Even after welfare reform was revealed as a catastrophic disaster, liberals are still timidly excluding poor people from their welfare proposals. It's pathetic.

This policy discussion desperately needs an injection of social-democratic confidence. The Nordic countries demonstrate beyond question that a clean, efficient welfare state is built on straightforward, universal programs. Poor people get the goodies they need, and there is little need for surveillance and education because everyone is automatically eligible. Distributional issues, like rich people benefiting too much from any program, are dealt with in the proper way — in the tax code. Instead of cutting the rich out of every program individually (costing lots of money and effort), their taxes are just nudged up across the board. The resulting programs are politically stronger, far simpler to explain and sell, and far easier to administer.
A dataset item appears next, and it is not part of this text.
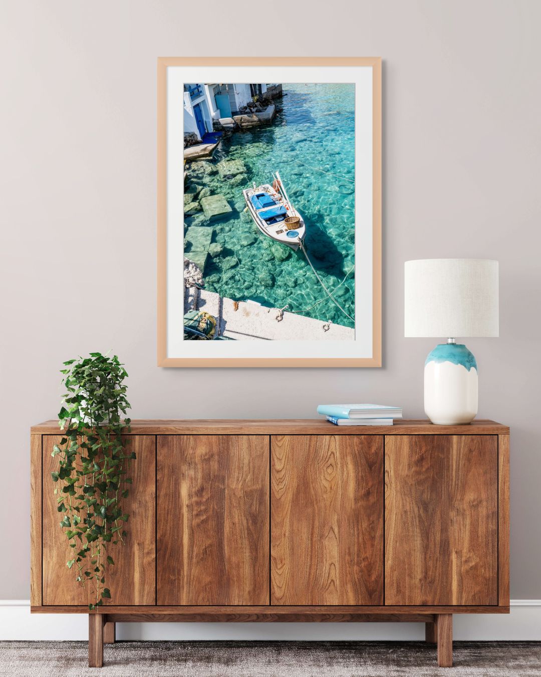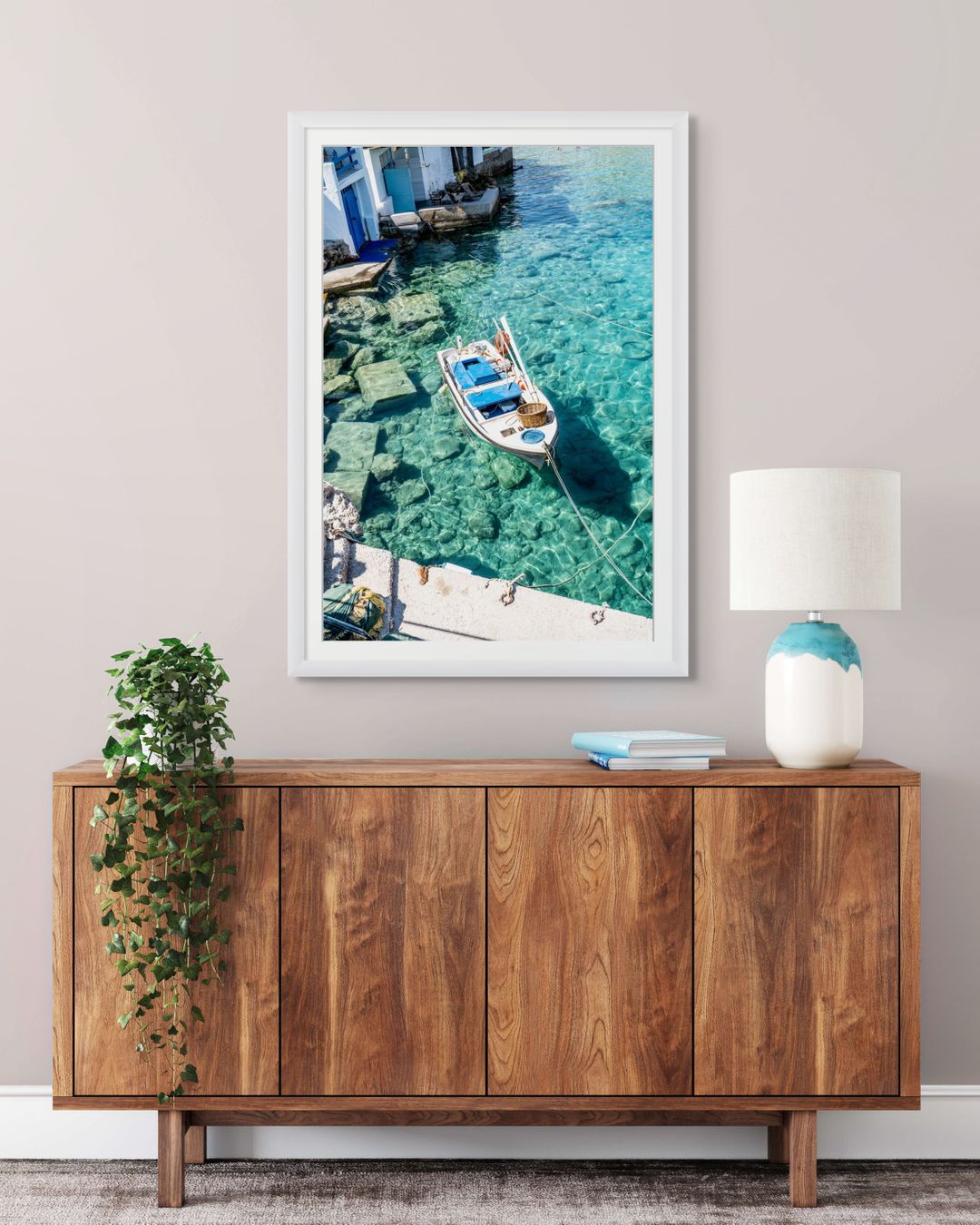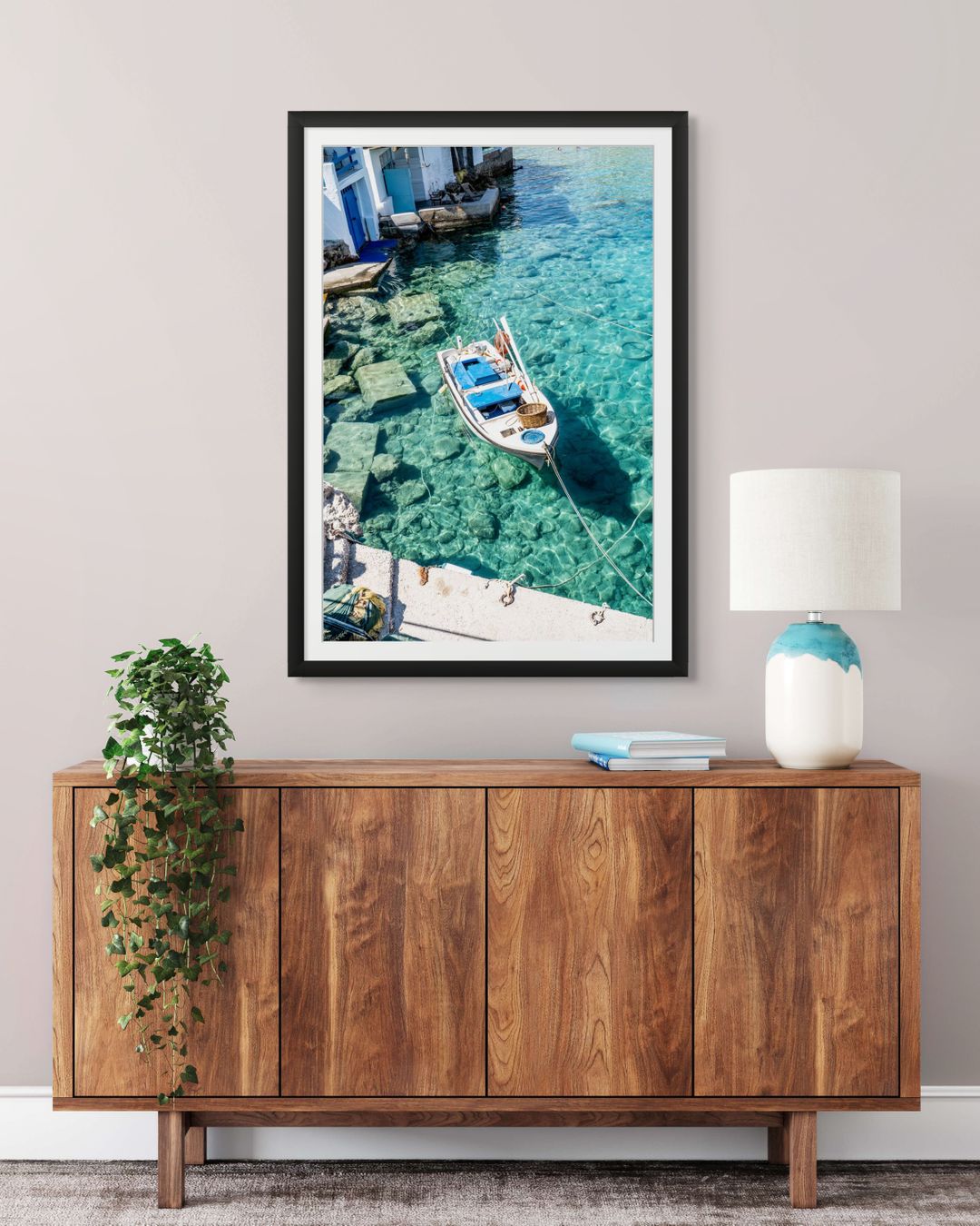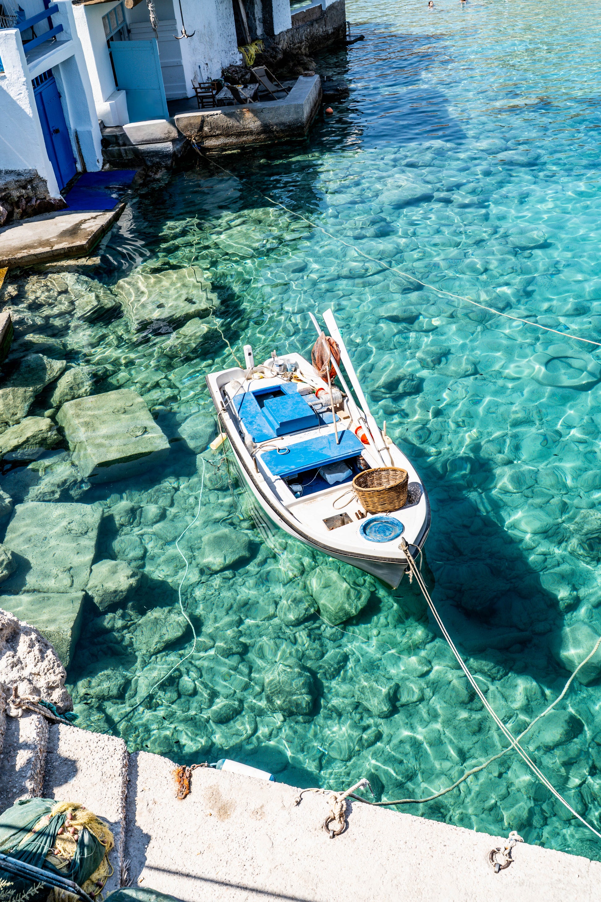 Fotografía tomada en Firopotamos, uno de los pueblos más pintorescos de la isla de Milos, Grecia. Una barca de pescadores flota serenamente sobre aguas cristalinas frente a las tradicionales casas blancas junto al mar.

The United States, by contrast, has by far the worst welfare system in the rich world. Our obsession with obscure tax credits and fear of simple welfare payments makes it both meager, full of holes, and extremely expensive — costing nearly as much as Sweden's welfare state in percentage of GDP while offering nowhere near the benefits. If we could redirect existing spending in sane ways, America would be a much better place to live. Let's start by destroying the phase-ins.